The Third Reich in Power, Richard Evans

This is the second book of Richard J. Evans' seminal trilogy on the Third Reich.  It examines politics, society and culture in Germany during the high days of the Third Reich, from Hitler's accession to power in 1933 to the outbreak of the Second World War.

I

What kept the Nazis in power for so long?  To begin with, there was the terror.  The Nazis were very successful in smashing organised political opposition.  The Social Democratic Party and the rest of the German left were crushed in a horrible orgy of violence in the first part of 1933, and the parties of the right were bullied into dissolving themselves.  By July 1933, the only party which stood between the Nazis and a one party state was the Catholic Zentrumspartei, and their fate was sealed when the church decided to try to cut a deal with Hitler in the vain hope that he could be persuaded to leave the Catholics alone.

Once the violence of the 1933-34 period had subsided, not many overt enemies remained who were capable of mounting any effective opposition to the regime.  On the left, the Social Democrats and the Communists (who hated each other almost as much as they hated Hitler) proved incapable of maintaining any real level of resistance.  The anti-Nazi opposition disappeared as a political force.  Concentration camps, after initially being populated by Social Democrats, Communists and trade unionists, instead became repositories of vagrants, Jews, gay men and career criminals.

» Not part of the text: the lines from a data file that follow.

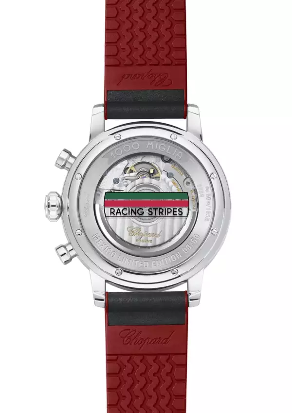 Mille Miglia Racing Stripes Mexico Edition está equipado con un motor relojero de alta precisión, certificado cronómetro por el Control Oficial Suizo de Cronometría (COSC), que late a la frecuencia de 28'800 alternancias/hora, visible a través del fondo de zafiro de la caja adornada con el logo 1000 Miglia.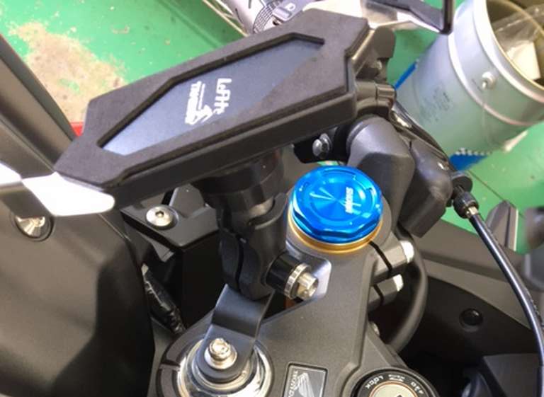 F-LOCK HAWK1には、ハンドルクランプとスマホマウントがセットになったパッケージも存在するが、それぞれの単品パーツを自分好みに選べるのも魅力の一つ。パーツを組み合わせれば、ミラーやステムホールをベースにして、アクションカメラを取り付けるといった、通常では頭を悩ませるマウント方法も可能となっている。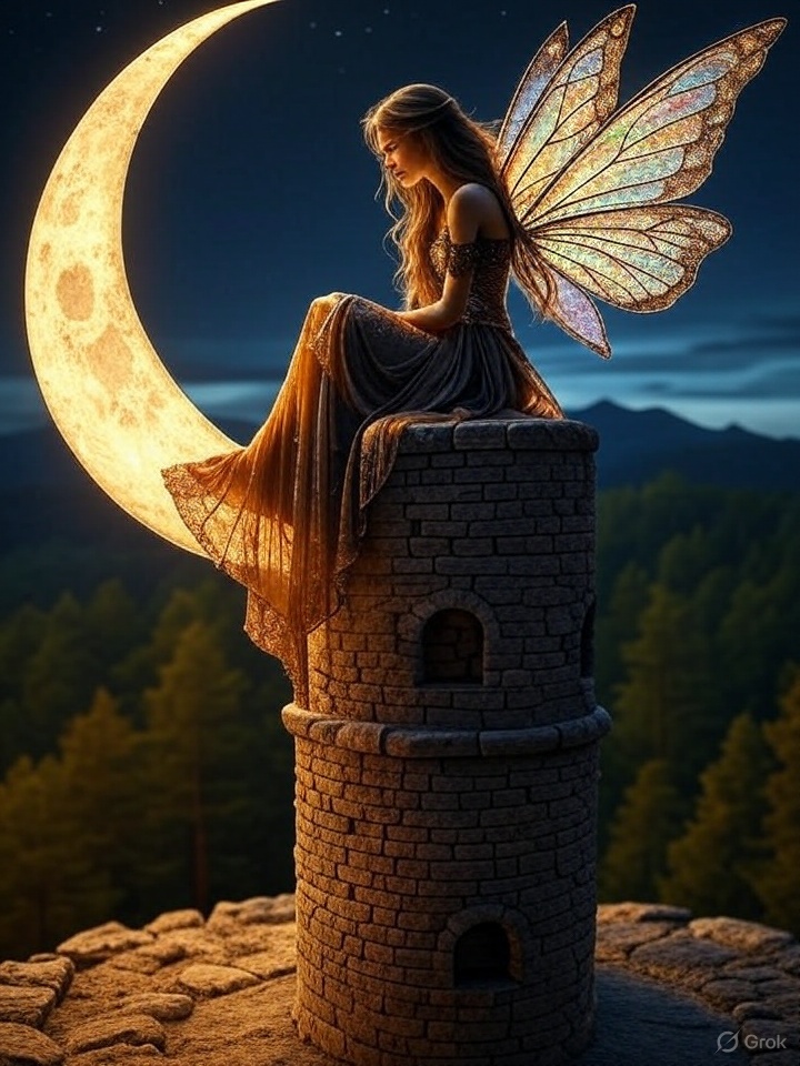 A beautiful fairy with butterfly wings sits on the crescent moon, perched atop an ancient tower in the style of digital art, with orange and gold tones, a dark background, hyper-realistic illustrations, paper sculptures, dark and light amber hues, and illuminated details, creating a fantasy realism scene.
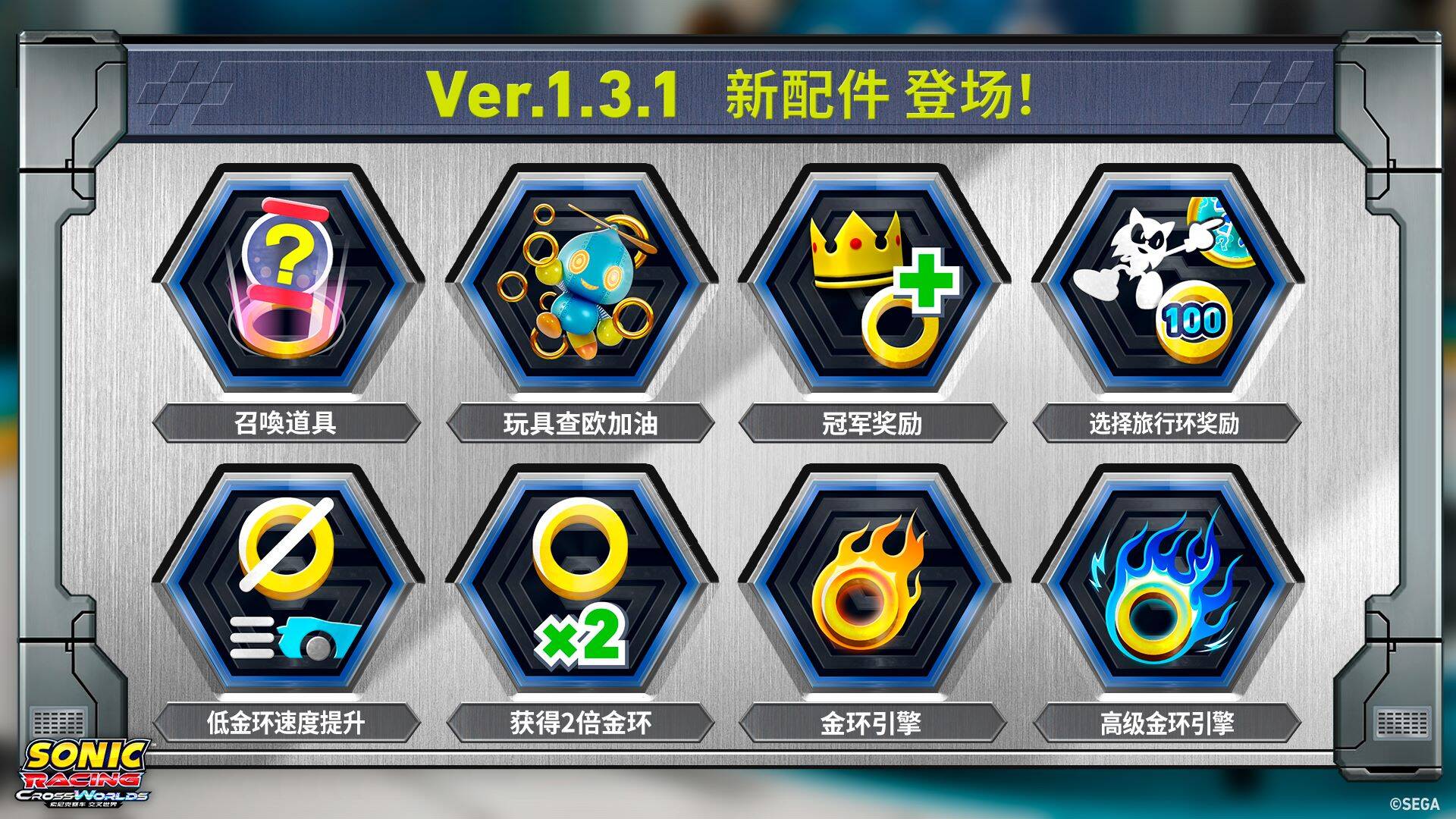 《索尼克赛车 交叉世界》Ver1.3.1版本更新已发布! 新增8种配件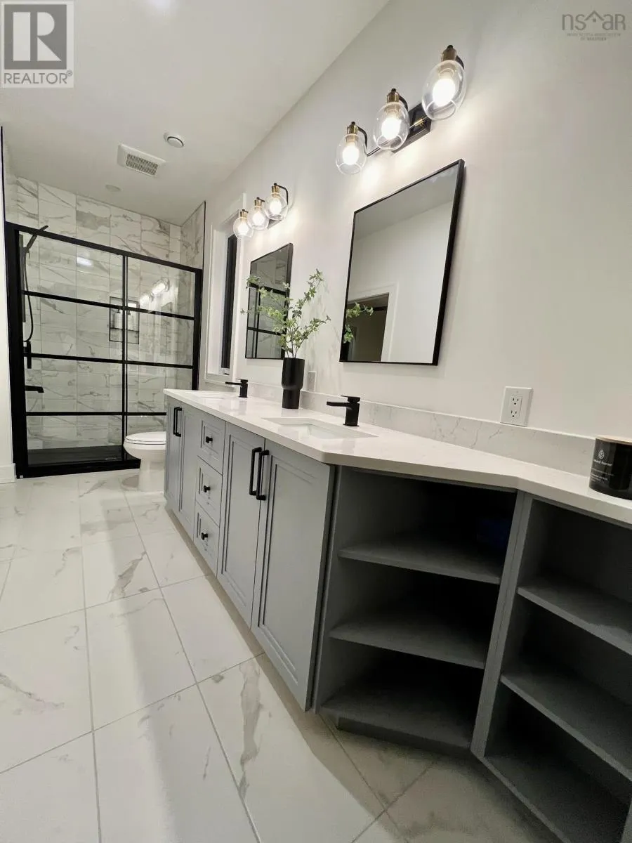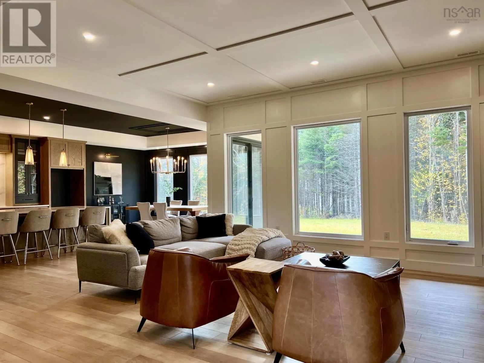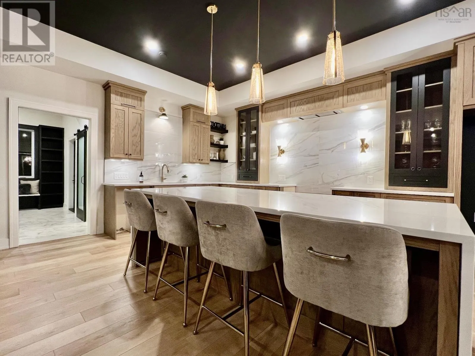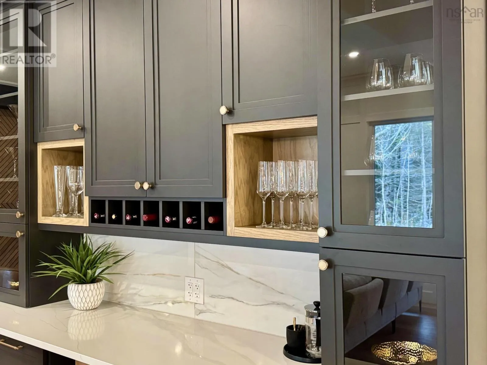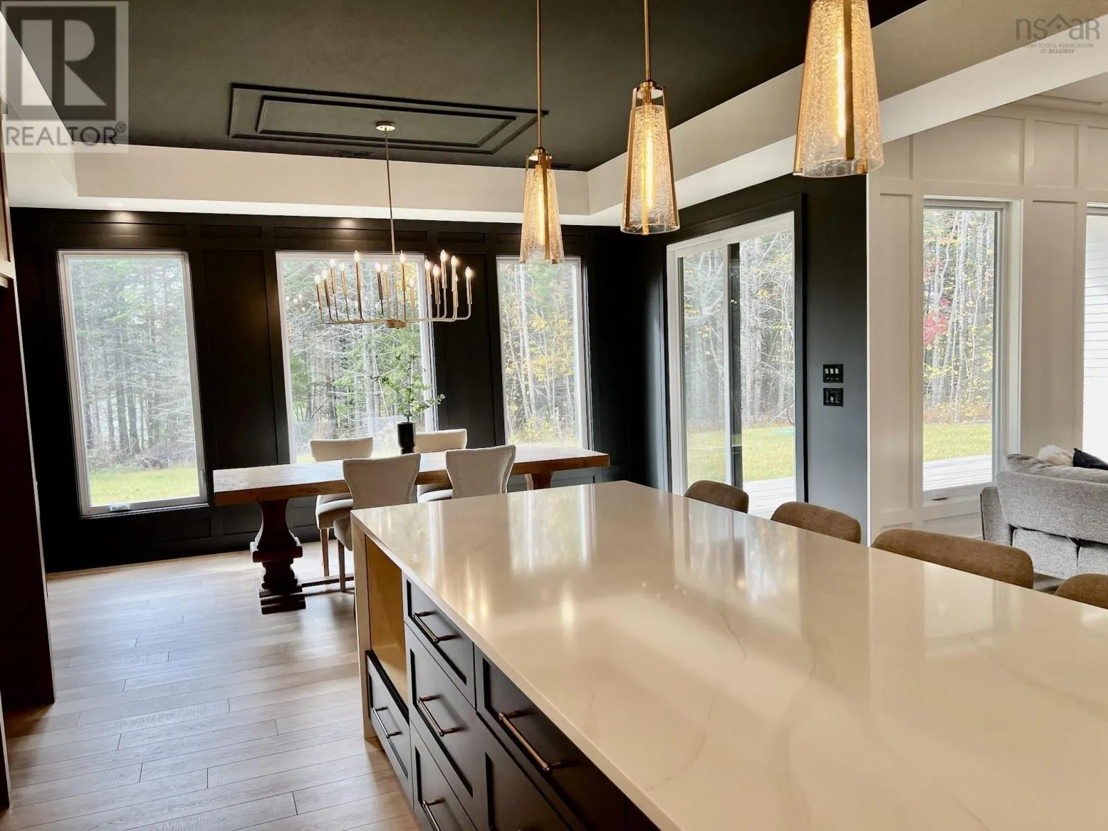 Margeson Dr to Magenta Dr, left on Nightshade Lane Spectacular Custom Home in Indigo Shores! This stunning custom build by ReDesigns Construction showcases exceptional craftsmanship and attention to detail throughout. The grand entry foyer with soaring ceiling, striking wall of windows, and custom staircase with exquisite millwork creates an unforgettable first impression. Enjoy open-concept living at its finest in the chefs dream kitchen featuring solid wood cabinetry, a waterfall-edge stone island, sleek range wall, generous storage, and a custom bar area. The adjoining dining area opens to a covered patio, while the bright living room features a custom wood accent wall and a wall of windows. The spacious Great Room offers a propane fireplace, wet bar, and flexible space for a games and media area. A private office/den, large mudroom with built-ins, walk-in pantry, powder room, and additional storage complete the main level. Upstairs, the luxurious primary suite boasts a custom fireplace, feature wall, walk-in closet, and spa-like ensuite. A secondary suite with full bath plus two additional bedrooms with a shared Jack & Jill bath offer ideal family comfort. The laundry room includes a sink, folding area, and ample storage. An oversized two-bay garage with glass doors, epoxy floor, and plenty of storage space adds function and style. Additional highlights include dual ducted heat pumps, 10 ceilings on the main level, 9 ceilings upstairs, high-efficiency SolarSeal windows, impressive 8 double entry doors, premium exterior finishes, and a 10-Year Atlantic New Home Warranty. Set on a private, tree-lined lot in the sought-after Indigo Shores community, this home offers a perfect blend of luxury, comfort, and convenience just minutes to downtown, the airport, schools, and shopping. Move-in ready and waiting to impress! (id:27476)

On the right, the conservative establishment began to realise that their plan to co-opt the Nazis had gone badly wrong.  Hitler forced the conservative leaders Hugenberg and Papen out of his government, and made sure that he personally succeeded Field Marshal von Hindenburg as head of state when the latter died in 1934.  Many conservatives were broadly content to acquiesce in Nazi rule - those Brownshirts were a ghastly rabble, but at least they had crushed the Marxists.  The Nazis encouraged them in this policy of acquiescence by killing some of their leading figures.

In general terms, the police state did its job well enough.  The Gestapo wasn't actually everywhere, but people thought that it was, and that was what mattered.  Enough people got denounced and arrested to convince the rest that it was best for them to keep their heads down and their mouths shut.  As for ordinary criminals, the prisons filled up and a much harsher penal regime was introduced.  The legal profession did little to stop any of this from happening.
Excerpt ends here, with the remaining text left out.